▶ [Directions]
Your answer must be the data repeated exactly, with no pictures in it.

▶ [Input data]
....
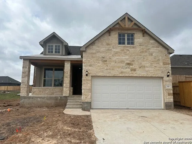 NEW CONSTRUCTION BY PULTE HOMES! AVAILABLE NOW! This brand-new home offers the perfect blend of modern luxury and relaxed living, all within a vibrant community boasting world-class amenities in a community designed for leisure and connection. Dive into relaxation at one of the two sparkling pools or energize your day in the state-of-the-art fitness center. From the moment you arrive, you'll be captivated by the striking full stone facade and inviting extended front porch - the perfect spot for morning coffee or evening chats. Step inside and you are greeted with durable, low-maintenance vinyl plank flooring that flows seamlessly through the foyer, living areas, and even the luxurious owner's suite, providing a stylish and practical foundation for your lifestyle. Indulge in the spa-like experience of the owner's bathroom, featuring a zero-entry walk-in shower with a soothing rain shower head and floor-to-ceiling tile. Prepare to be amazed by the oversized laundry room, complete with a convenient sink, ample cabinetry, and abundant storage - making chores a breeze. The heart of this home is the stunning kitchen, where culinary dreams come to life. Admire the unique and modern custom arctic white backsplash, a signature detail showcased in our model home, perfectly complemented by pristine white quartz countertops and painted maple cabinets. Beyond your private retreat, discover a community designed for leisure and connection. Dive into relaxation at one of the two sparkling pools or energize your day in the state-of-the-art fitness center. Lastly, you can retreat to your expansive covered rear porch and savor the breathtaking panoramic views. This is more than just a home; it's a lifestyle. Don't miss the opportunity to experience the unparalleled charm and luxury of this San Marcos gem. Schedule your showing today and begin your Hill Country adventure!
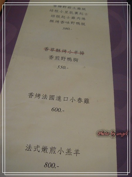 那天除了聖狗腿軍團五人眾(笑狗腿、傲狗腿、邪太后、夜影、我)之外,另有11人客,把小小的餐館都擠滿了(生意真好),Anais在大家點餐前,會先仔細的為餐點做講解,進做法都會告知,大家都很認真的聽著她介紹,心裏都有個底。除了MENU上的套餐,另有一種是Anais自己發明的「隨便煮」NT$500,就是看今天的配菜有什麼煮什麼。一番討論之後,我們點了「法式嫩煎小羔羊」「培根起士雞肉捲」「香烤法國進口小春雞」和一份「隨便煮」!
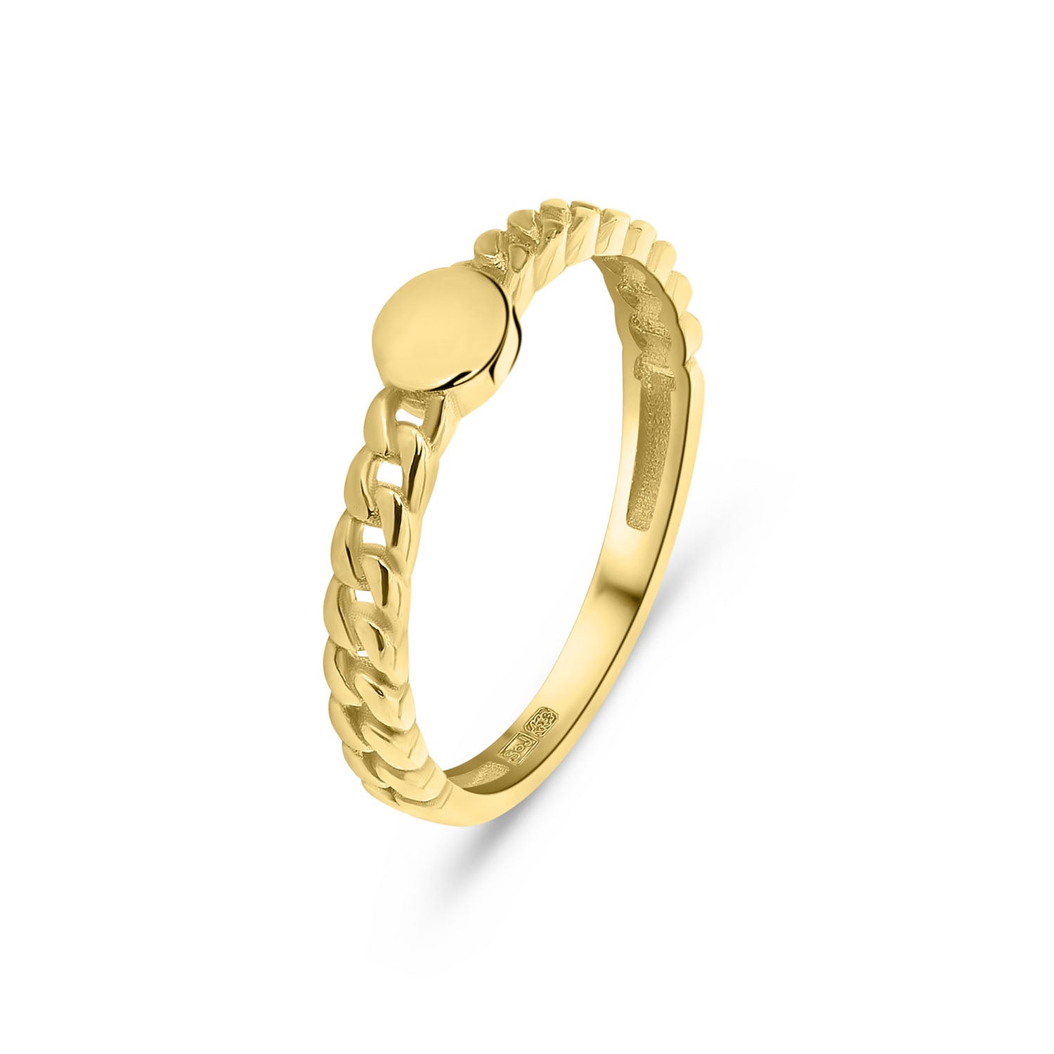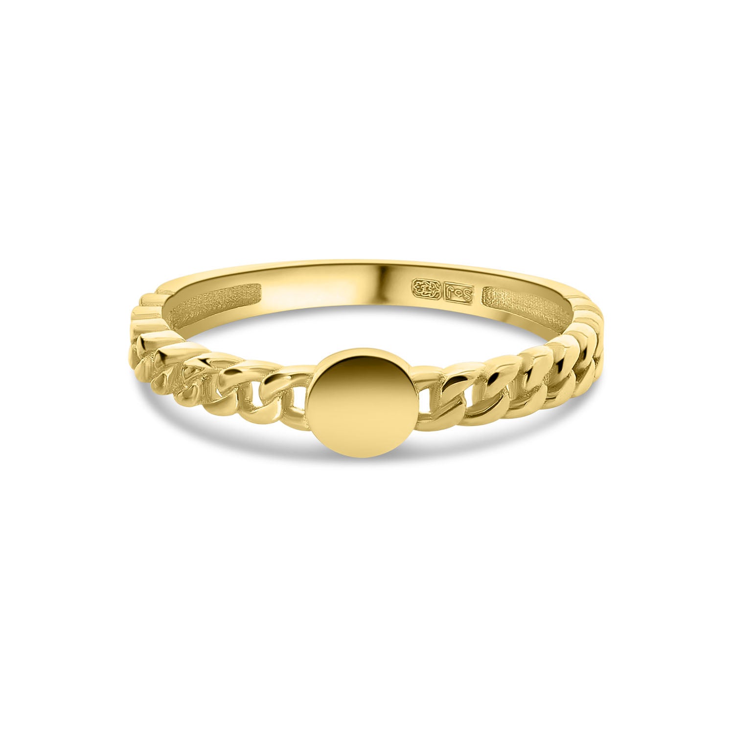 Inel din aur galben din colectia Gold by Siebel. Fabricat din aur galben de 14 karate, inelul are o legatura cu bordura. Asociati-l cu bijuterii asortate din colectie pentru a va completa look-ul.
....
▶ [Response box]
 NEW CONSTRUCTION BY PULTE HOMES! AVAILABLE NOW! This brand-new home offers the perfect blend of modern luxury and relaxed living, all within a vibrant community boasting world-class amenities in a community designed for leisure and connection. Dive into relaxation at one of the two sparkling pools or energize your day in the state-of-the-art fitness center. From the moment you arrive, you'll be captivated by the striking full stone facade and inviting extended front porch - the perfect spot for morning coffee or evening chats. Step inside and you are greeted with durable, low-maintenance vinyl plank flooring that flows seamlessly through the foyer, living areas, and even the luxurious owner's suite, providing a stylish and practical foundation for your lifestyle. Indulge in the spa-like experience of the owner's bathroom, featuring a zero-entry walk-in shower with a soothing rain shower head and floor-to-ceiling tile. Prepare to be amazed by the oversized laundry room, complete with a convenient sink, ample cabinetry, and abundant storage - making chores a breeze. The heart of this home is the stunning kitchen, where culinary dreams come to life. Admire the unique and modern custom arctic white backsplash, a signature detail showcased in our model home, perfectly complemented by pristine white quartz countertops and painted maple cabinets. Beyond your private retreat, discover a community designed for leisure and connection. Dive into relaxation at one of the two sparkling pools or energize your day in the state-of-the-art fitness center. Lastly, you can retreat to your expansive covered rear porch and savor the breathtaking panoramic views. This is more than just a home; it's a lifestyle. Don't miss the opportunity to experience the unparalleled charm and luxury of this San Marcos gem. Schedule your showing today and begin your Hill Country adventure!
 那天除了聖狗腿軍團五人眾(笑狗腿、傲狗腿、邪太后、夜影、我)之外,另有11人客,把小小的餐館都擠滿了(生意真好),Anais在大家點餐前,會先仔細的為餐點做講解,進做法都會告知,大家都很認真的聽著她介紹,心裏都有個底。除了MENU上的套餐,另有一種是Anais自己發明的「隨便煮」NT$500,就是看今天的配菜有什麼煮什麼。一番討論之後,我們點了「法式嫩煎小羔羊」「培根起士雞肉捲」「香烤法國進口小春雞」和一份「隨便煮」!
 Inel din aur galben din colectia Gold by Siebel. Fabricat din aur galben de 14 karate, inelul are o legatura cu bordura. Asociati-l cu bijuterii asortate din colectie pentru a va completa look-ul.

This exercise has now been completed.